The Sportsman's Guide, Inc.
411 Farwell Avenue
South St. Paul, MN 55075

Gentlemen:

     We have acted as counsel for The Sportsman's Guide, Inc., a Minnesota
corporation (the "Company") in connection with the Company's Registration
Statement on Form S-3 filed with the Securities and Exchange Commission under
the Securities Act of 1933 to register 693,561 shares of the Company's Common
Stock, $.01 par value (the "Shares") which may be sold from time to time by
certain shareholders of the Company (the "Selling Shareholders").

     For purposes of rendering this opinion, we have examined and reviewed such
corporate records and proceedings of the Company, documents and instruments and
made investigation of such matters as in our judgment permit us to render an
informed opinion on the matters set forth herein.

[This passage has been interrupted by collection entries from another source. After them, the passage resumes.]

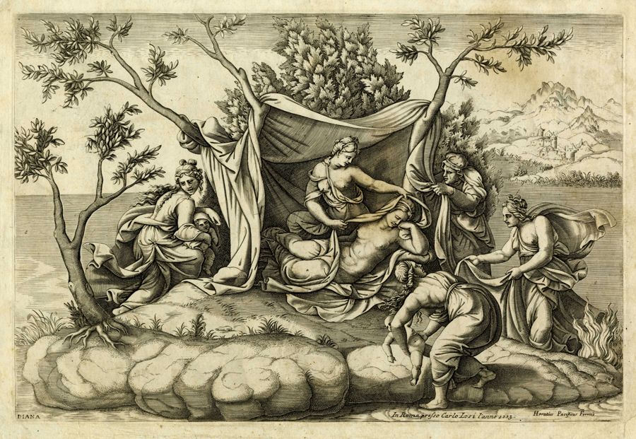 Diana Scultori, Latona partorisce Apollo e Diana nell'isola di Delo. 1575 / In Roma presso Carlo Losi l'anno 1773. Bulino. mm 258x384. Foglio: mm 280x407. Bartsch, 39. Bellini, 9. Massari (incisori mantovani del '500), 147. Da un disegno di Giulio Romano oggi al Louvre (inv. 3500) connesso con il dipinto di stesso soggetto ad Hampton Court. In basso a sinistra "DIANA" e a destra "In Roma presso Carlo Losi l'anno 1773.", con a seguire "Horatius Pacificus Formis". Ottima prova nel IV stato su 5, prima dell'abrasione di tutti gli indirizzi, su carta vergellata spessa priva di filigrana. (1)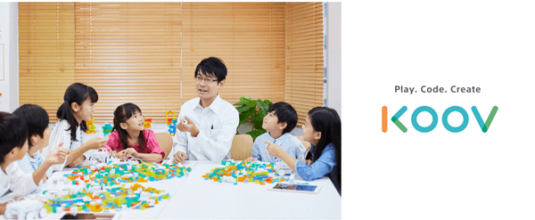KOOV®とは、ブロックで自由な「かたち」をつくり、「プログラミング」によってさまざまな「動き」を与えて遊ぶ、ロボット・プログラミング学習キット。KOOV®を使ってプログラミング学び、子どもたちの探究心や創造力、未来を切り拓く思考力を育みます。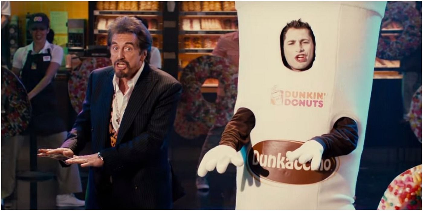 Al Pacino no sólo se burla de su propia imagen pública, sino que participa en una película tonta en la que se interpreta a sí mismo como un desventurado actor enamorado de Adam Sandler vestido de mujer, todo ello mientras canta en un anuncio igual de tonto de Dunkin' Donuts "Dunkaccino". Este es el mismo actor ganador del Oscar que participó en El Padrino, así que es refrescante verle tomarse un descanso de las películas más serias para reírse de sí mismo.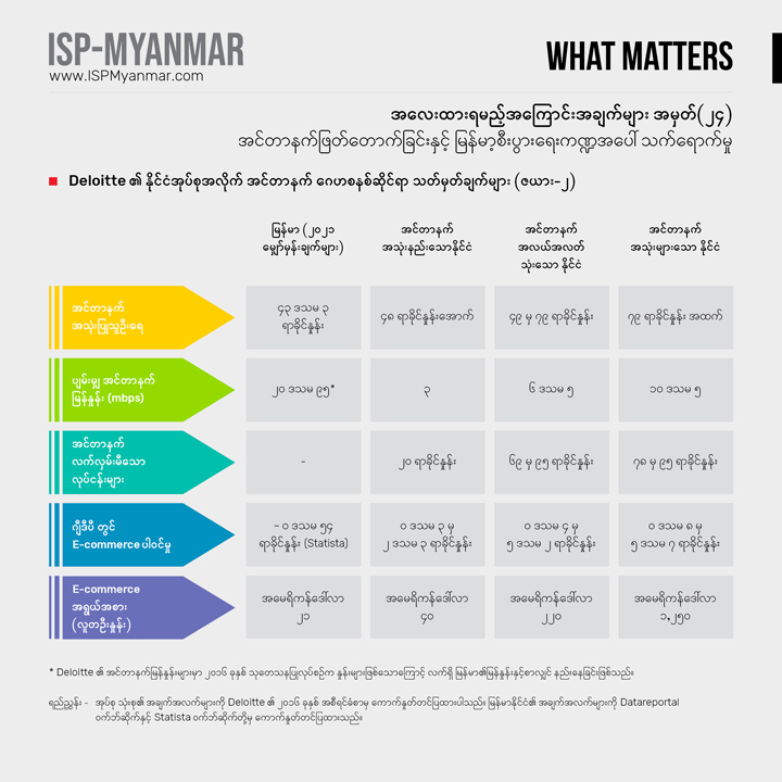 လက်ရှိ အင်တာနက် ဖြတ်တောက်မှုကြောင့် မြန်မာနိုင်ငံရဲ့ စီးပွားရေးကဏ္ဍ ဘယ်လောက် ဆုံးရှုံးမှု ဖြစ်စေနိုင်သလဲဆိုတာကို Deloitte ရဲ့ တွက်ချက်နည်းနဲ့ ခန့်မှန်းနိုင်ပါတယ်။ မြန်မာနိုင်ငံဟာ အင်တာနက် အသုံးနည်းသော နိုင်ငံအုပ်စုရဲ့ အချက်အလက်တွေနဲ့ နီးစပ်တာကို ဇယား (၂) မှာ အသေးစိတ် လေ့လာနိုင် ပါတယ်။ အင်တာနက် အသုံးနည်းတဲ့ နိုင်ငံမှာ ဖြစ်ပွားနိုင်တဲ့ ဆုံးရှုံးမှု တန်ဖိုးနဲ့ တွက်ချက်ရင် (လူ ၁၀ သန်း လျှင် တရက် ဆုံးရှုံးနှုန်း အမေရိကန်ဒေါ်လာ ခြောက်သိန်း ခန့်မှန်းတာဖြစ်ပြီး (မြန်မာ့လူဦးရေ ၅၄ သန်းခန့် နဲ့တွက်ချက်ရင်) တရက်ကို မြန်မာ့စီးပွားရေးဟာ ခန့်မှန်းခြေ အမေရိကန် ဒေါ်လာ ၃ ဒသမ ၂၄ သန်းနှုန်းနဲ့ ဆုံးရှုံးနိုင်ပါတယ်။ Statista ဝက်ဘ်ဆိုက်ရဲ့ ၂၀၂၁ ခုနှစ် ခန့်မှန်းချက်ဖြစ်တဲ့ ဒစ်ဂျစ်တယ် ကုန်သွယ်မှု ဈေးကွက်တန်ဖိုး အမေရိကန်ဒေါ်လာ ၁ ဒသမ ၁၅၂ ဘီလီယံ ကို ၃၆၅ ရက် နဲ့ စားရင် ပျမ်းမျှအားဖြင့် တရက်ကို အမေရိကန်ဒေါ်လာ ၃ ဒသမ ၁၅၆ သန်း ဆုံးရှုံးနိုင်မယ်လို့ ခန့်မှန်းနိုင်ပါတယ်။ ဒါတွေဟာ အင်တာနက်အပေါ် ပိုပြီး မှီခိုလာရတဲ့ ပညာရေးလုပ်ငန်းတွေနဲ့ အင်တာနက်ကြော်ငြာကြောင့် ရောင်းအား တက်လာတဲ့ (အင်တာနက်နဲ့ တိုက်ရိုက် မသက်ဆိုင်သော) အခြားလုပ်ငန်းတွေကို ထည့် မတွက်ရသေး ပါဘူး။ ဒါ့အပြင် တယ်လီကွန်း ကုမ္ပဏီတွေရဲ့ ဆုံးရှုံးမှုတွေလည်း မပါသေးပါဘူး။ သာဓက တခုကတော့ ဖေဖော်ဝါရီ ၁ ရက် စစ်အာဏာသိမ်းပြီးနောက်ပိုင်း တယ်လီနောကုမ္ပဏီဟာ ၂၀၂၁ ခုနှစ် ပထမသုံးလတာ ကာလအတွင်း ဆုံးရှုံးငွေ အမေရိကန်ဒေါ်လာ ၇၈၃ သန်း ရှိခဲ့ပါတယ်။ Netblocks ဝက်ဘ်ဆိုက်ရဲ့ တွက် ချက်မှုအရဆိုရင် မြန်မာနိုင်ငံမှာ အင်တာနက် တရက်လုံး ပြတ် တောက်မှု ဖြစ်ခဲ့မယ်ဆိုရင် အမေရိကန်ဒေါ်လာ ၂၄ ဒသမ ၁၉ သန်း ဆုံးရှုံးမှု ဖြစ်မယ်လို့ ခန့်မှန်းပါတယ်။ ဒီထဲကမှ ဆိုရှယ်မီဒီယာ တခုဖြစ်တဲ့ Facebook ကို ပိတ်ခဲ့မယ်ဆိုရင် တရက်ကို အမေရိကန်ဒေါ်လာ တသန်းကျော် ဆုံးရှုံးနိုင်ခြေ ရှိပြီး၊ Facebook အပြင် Youtube ကိုပါ ပိတ်ခဲ့မယ် ဆိုပါက တရက်ကို အမေရိကန်ဒေါ်လာ ၂ ဒသမ ၂ သန်းကျော် ဆုံးရှုံးနစ်နာမယ်လို့ ခန့်မှန်းထားပါတယ်။

     Based on the foregoing, it is our opinion that the Shares are duly
authorized and, when sold by the Selling Shareholders in the manner set forth in
the Prospectus forming part of the Registration Statement, will be validly
issued, fully paid and non-assessable.

     We consent to the use of this opinion as an exhibit to the Registration
Statement, and we consent to the reference to our firm under the caption "Legal
Matters" in the Prospectus.

                                   Very truly yours,



                                   Chernesky, Heyman & Kress P.L.L.

SRW/cah


<PAGE>
                                                          Exhibit 23.1


                 CONSENT OF INDEPENDENT CERTIFIED PUBLIC ACCOUNTANTS


     We have issued our report dated January 23, 1998, accompanying the 
financial statements and schedule of The Sportsman's Guide, Inc. included in 
the Annual Report on Form 10-K for the fiscal year ended December 28, 1997, 
which is incorporated by reference in this Registration Statement and 
Prospectus.  We consent to the incorporation by reference in the Registration 
Statement and Prospectus of the aforementioned report and to the use of our 
name as it appears under the caption "Experts".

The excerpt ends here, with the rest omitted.